Closed mn-tk closed 2 years ago
Thanks for looking carefully! I could not find any obvious code differences in the bnlearn code that could result in the difference. All the input parameters are the same, and there are also no differences in the example data. I did however see an differences deeper in the code of pgmpy. In the hillclimbsearch.py, line 318, the edges are differently created for some reason.
I stripped down the entire code to these few lines of pgmpy.
import bnlearn as bn
print(bn.__version__)
from pgmpy.estimators import BicScore
from pgmpy.estimators import HillClimbSearch
df = bn.import_example('sprinkler')
scoring_method = BicScore(df)
model = HillClimbSearch(df)
best_model = model.estimate(scoring_method=scoring_method, tabu_length=100, epsilon=0.0001, max_iter=1000000, fixed_edges=set(), show_progress=False)
print(best_model.edges())
Thus Im not sure why the differences occur, I only see that they seem to happened deeper in the code of pgmpy.
It took a while to figure this out.
The HillClimbSearch iteratively makes an operation on the DAG and updates the score. First, a Set is created from potential_new_edges in _legal_operations() and is then returned together with the score_delta. The following step is that the function estimate() computes the score_delta to determine the best_operation.
Here comes the reason for this issue; (1) The _legal_operations() uses a Set for which the order is not pre-defined and also changes for each Python run (check this note https://docs.python.org/3/reference/datamodel.html#object.__hash__), and (2) Multiple edges exists with exactly the same (maximum) score_delta.
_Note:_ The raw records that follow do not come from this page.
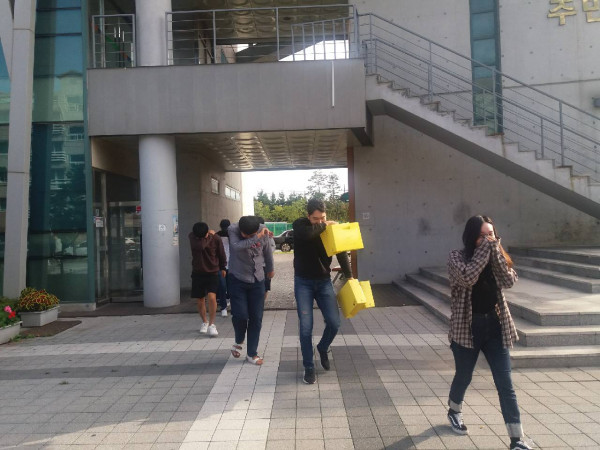 경기 안산시 본오1동 행정복지센터는 최근 청사내 화재발생에 대비한 민·관합동 소방훈련을 실시했다. 사진은 이날 소방훈련 참여자들이 대피 훈련을 하고 있는 모습. (사진제공=안산시청)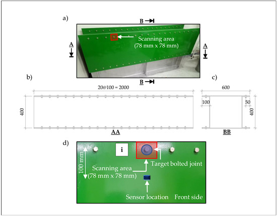 The 6061-aluminum box girder specimen: (a) front view with scanning area size, (b) AA cross-section, (c) BB cross-section, (d) sensor location setup. Here, i represents the bolt number being scanned, i = 1:25.
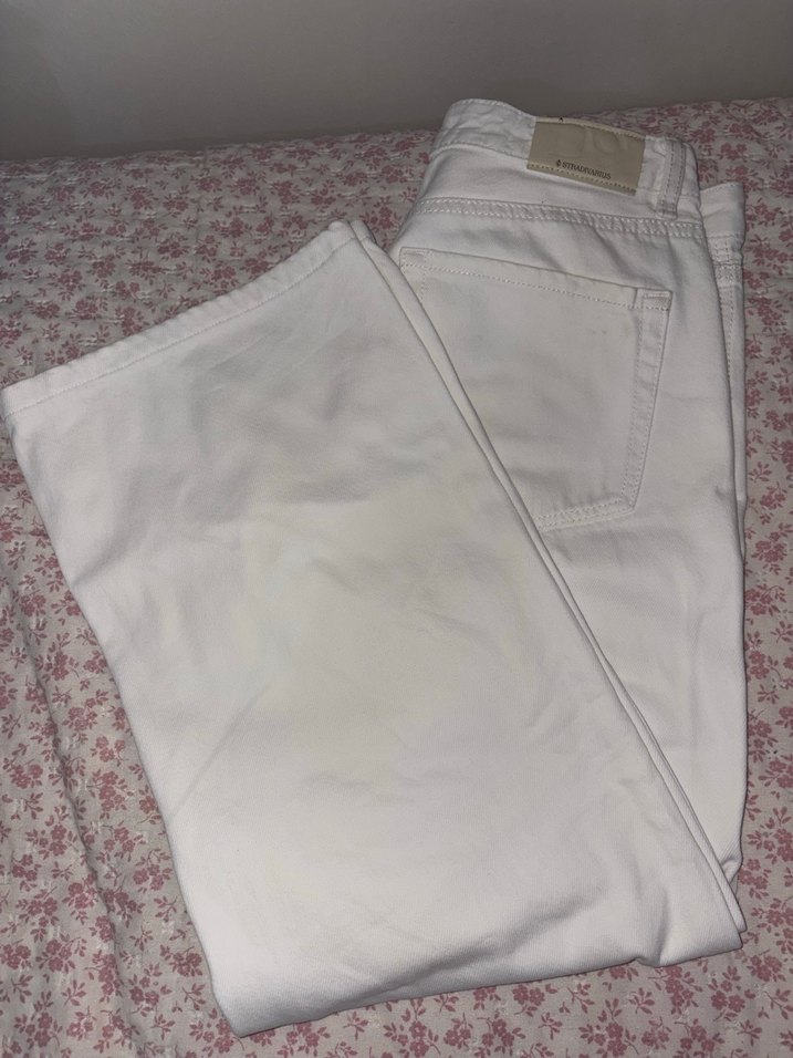 Yumuşak pamuklu kumaştan, regular fit, midi boy beyaz kadın kot pantolon. Günlük kullanıma uygun, rahat ve şık sokak stili. D95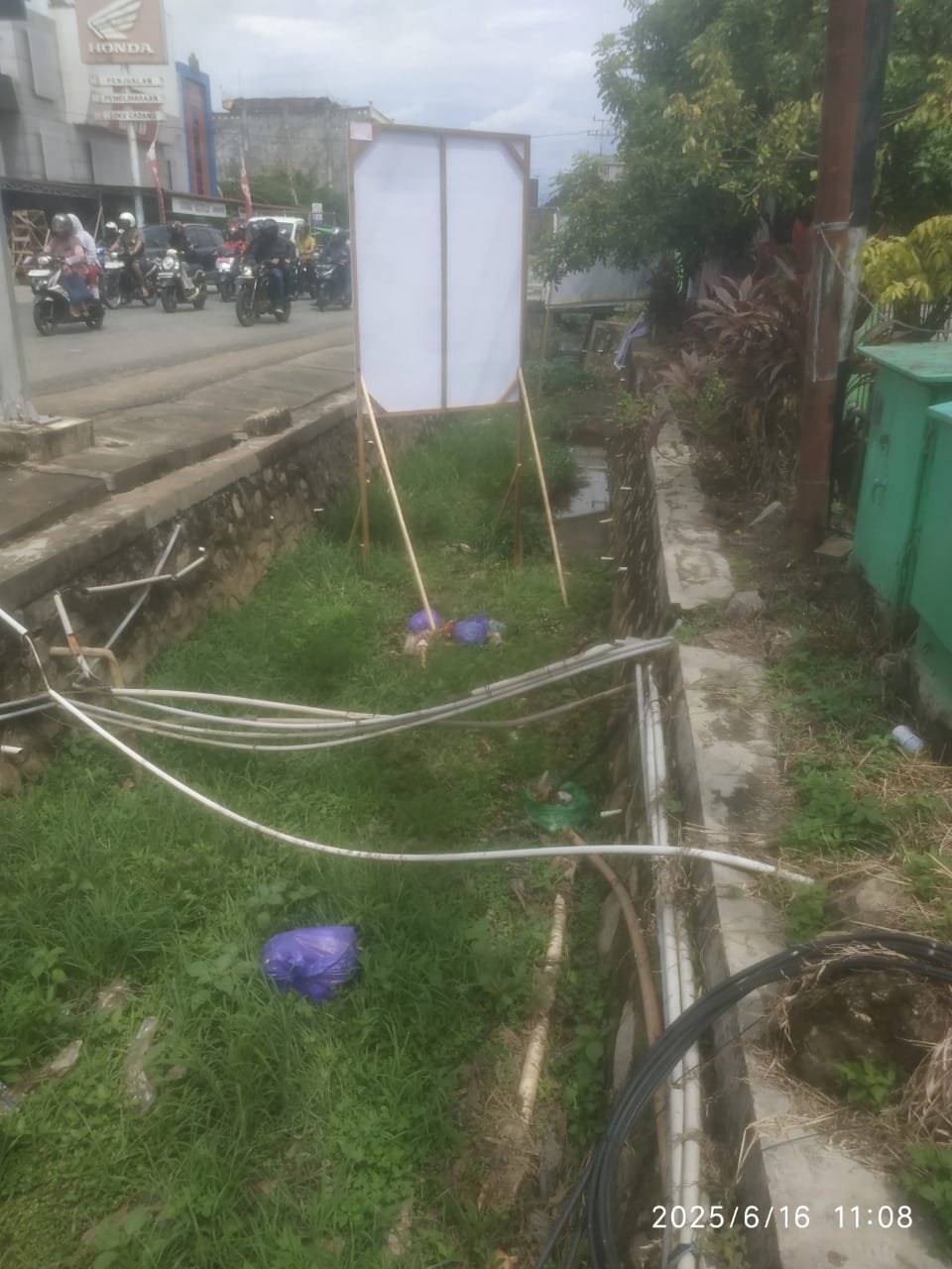 “Kok bisa-bisanya pasang baliho di dalam parit? Padahal itu bukan tempat yang layak untuk pemasangan baliho,” ujarnya.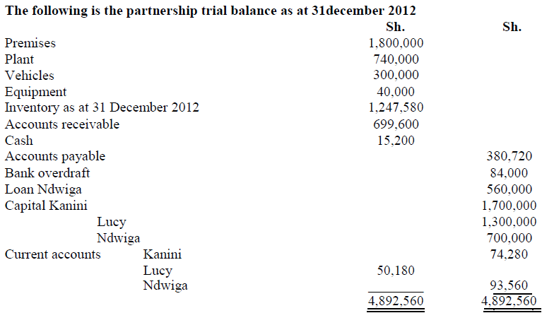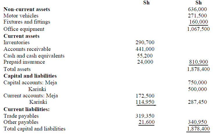Meja and Kariuki have been trading as partners sharing profits and losses in the ratio of their fixed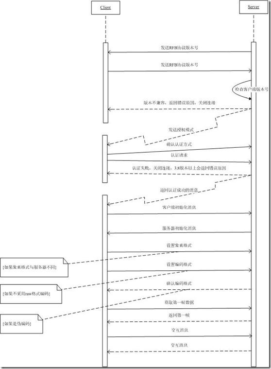 RFB客户端和服务器最初的交互包括协商将要传输的象素数据的格式和编码类型。协商被设计成使客户端的工作尽可能的简单。底线是服务器必须可以一直提供客户端想要的象素数据的格式。但是如果客户端可以处理多种编码类型,它会选择对服务器来说最容易生成的编码。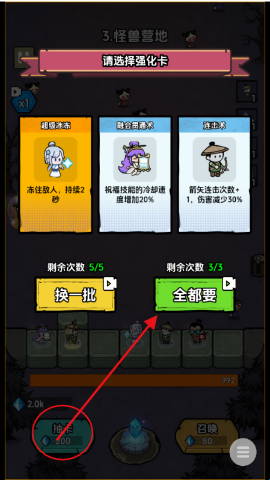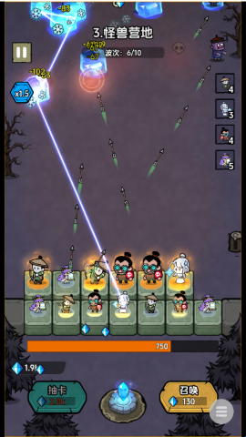 4、3重随机机制:随机召唤英雄、搭配技能、合成进化,增加游戏趣味性。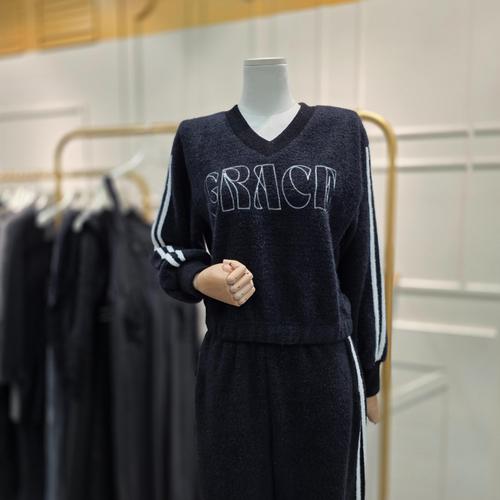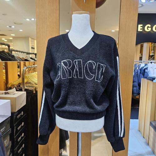 [백화점 정품] 에고이스트 라운드 브이넥 니트 스웨터 [BL] V넥 하트 비죠 레터링 니트탑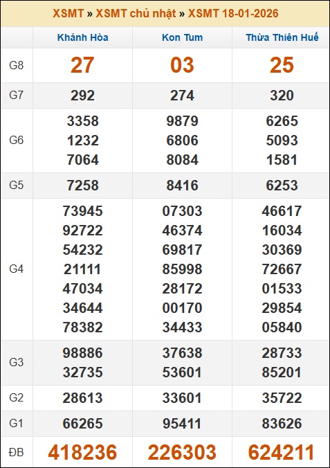 1. ✔️ Xem lại KQXSMT Chủ nhật tuần trước 18/01/2026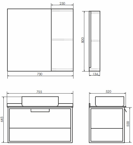 - Размер (ШxВxГ): 730x800x136 мм.

Because of points 1 and 2 together, each time you run the code, different operations can be used to iteratively build the DAG, and thus with different outcomes.
If the sprinkler example would have contained a larger DAG, (more nodes or states), then HillClimbSearch may not result in exactly the same maximum score_delta values for different edges. However, this is still one of the 2 points that create the difference.
The bottom line is; this issue is not a bug. It simply finds exactly the same scores for edges together with Python functionality that handles the ordering. This would also explain that different systems, notebooks, versions, or simply runs can result in differences.
If there are any other questions regarding this issue, let me know.
Currently, when I ran bnlearn.ipynb in Colab with bnlearn==0.5.1 and pgmpy==0.1.17 (https://colab.research.google.com/github/erdogant/bnlearn/blob/master/notebooks/bnlearn.ipynb) The edge of "Sprinkler"-"Cloudy" and the edge of "Cloudy"-"Rain" are opposite to the tutrial results.
Forthermore I ran bnlearn.ipynb in Colab with bnlearn==0.4.11 and pgmpy==0.1.17 as well, and the results were the same as the tutrial results.
Why do the results change due to the upgrade of bnlearn?